Так обстояли дела, когда заболела мадемуазель. Во время ее болезни Жермини, боясь оставить ее одну, вообще не ходила в церковь. Когда мадемуазель настолько окрепла, что уже не нуждалась в постоянном присутствии служанки, она вдруг с удивлением заметила, что ее «богомолка» сидит в воскресный день дома и не спешит к обедне.

— Что это с тобой? — спросила она. — Ты больше не бегаешь к своим священникам? Чем они тебя обидели?

— Ничем, — ответила Жермини.

V

— Вот, барышня!.. Посмотрите на меня! — сказала Жермини.
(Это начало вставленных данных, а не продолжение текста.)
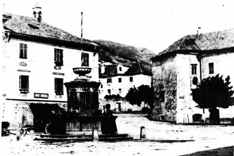
Sl. 4 — Bivši Zvonimirov trg — Cilnica, danas Trg M. Balena, snimak sa zapada, izgled oko 1910.

U poratnim godinama nastava se potpuno normalizira. Škola se polako oprema učilima. Kako je to jedina gimnazija od Zadra do Rijeke, vrlo je velik pritisak za prijem u ovu školu. S tim u vezi javlja se i pitanje prostora. Bila je, dakle, nužna adaptacija zgrade za gimnaziju i to se čini od bivše pučke škole i magistrata. Iz izvještaja prosvjetnih savjetni-

После описанного в предыдущей главе разговора прошло несколько месяцев. Жермини отпросилась у хозяйки на свадебный бал к сестре бакалейщика, у которой была подружкой. Надев открытое вечернее платье из белого муслина, она пришла показаться своей госпоже.

Мадемуазель де Варандейль, оторвавшись от старинной книги с крупным шрифтом, сняла очки, заложила ими страницу и воскликнула:

— Такая богомолка, и вдруг на бал!.. Знаешь, дочь моя… это просто нелепо… Ты — в качестве танцорки!.. Остается только, чтобы ты захотела выйти замуж!.. Какая чепуха! Только предупреждаю: если выйдешь замуж, я тебя держать не стану. У меня нет ни малейшей охоты нянчить твоих младенцев. Подойди-ка сюда… Ого!.. Нечего сказать… ты показываешь все, что у тебя есть. И вообще в последнее время ты стала страшной кокеткой.

— Что вы, барышня… — начала оправдываться Жермини.

— К тому же мужчины не очень-то церемонятся с вашей сестрой, — прервала ее мадемуазель де Варандейль, отвечая на собственные мысли. — Они тебя оберут… вдобавок к затрещинам… А замужество… Я уверена, что, когда ты смотришь на других, ты только об этом и мечтаешь… Поэтому и рожица у тебя стала такая, верно ведь?.. А теперь повернись-ка, красотка, я хочу тебя рассмотреть, — с обычной для нее грубоватой лаской сказала мадемуазель де Варандейль; опершись худыми руками на подлокотники, положив ногу на ногу и покачивая туфлей, она принялась обозревать Жермини и ее платье.

— Что за чертовщина!.. — воскликнула она через несколько минут безмолвного разглядыванья. — Неужто это ты? Где же были раньше мои глаза? Ах ты господи!.. Н-да, н-да… — Она пробормотала сквозь зубы еще несколько невразумительных слов. — А физиономия!.. Ни дать ни взять — влюбленная кошка! — произнесла она наконец, продолжая смотреть на служанку.

Жермини была некрасива. Темно-каштановые, на вид совсем черные, волосы буйно курчавились и вились, вылезая непокорными, жесткими завитками из напомаженных, прилизанных бандо. Низкий гладкий лоб нависал над глазницами, в которых как-то болезненно прятались глубоко посаженные глаза, маленькие, живые и блестящие, которые по-детски мигали и от этого казались еще меньше и ярче, влажнее и улыбчивей. Эти глаза не были ни карими, ни голубыми: они были того неопределенного, изменчивого серого цвета, про который можно сказать, что он не столько цвет, сколько блеск. Чувство зажигало в них лихорадочный огонь, наслаждение — какие-то туманные вспышки, страсть — фосфоресцирующее мерцание. У нее был короткий вздернутый нос с щедро вырезанными, вздрагивающими ноздрями; в народе о таких ноздрях говорят, что выстави под дождь — воду наберешь. На переносице у самого глаза пульсировала толстая голубая вена. Характерные для лотарингцев скулы — широкие, выдающиеся, резко очерченные — были усеяны оспинами. Особенно безобразило Жермини слишком большое расстояние между носом и ртом, — эта несоразмерность придавала что-то обезьянье нижней части ее лица. Большой рот с белыми зубами, с крупными, плоскими, словно раздавленными губами улыбался странной, волнующей улыбкой.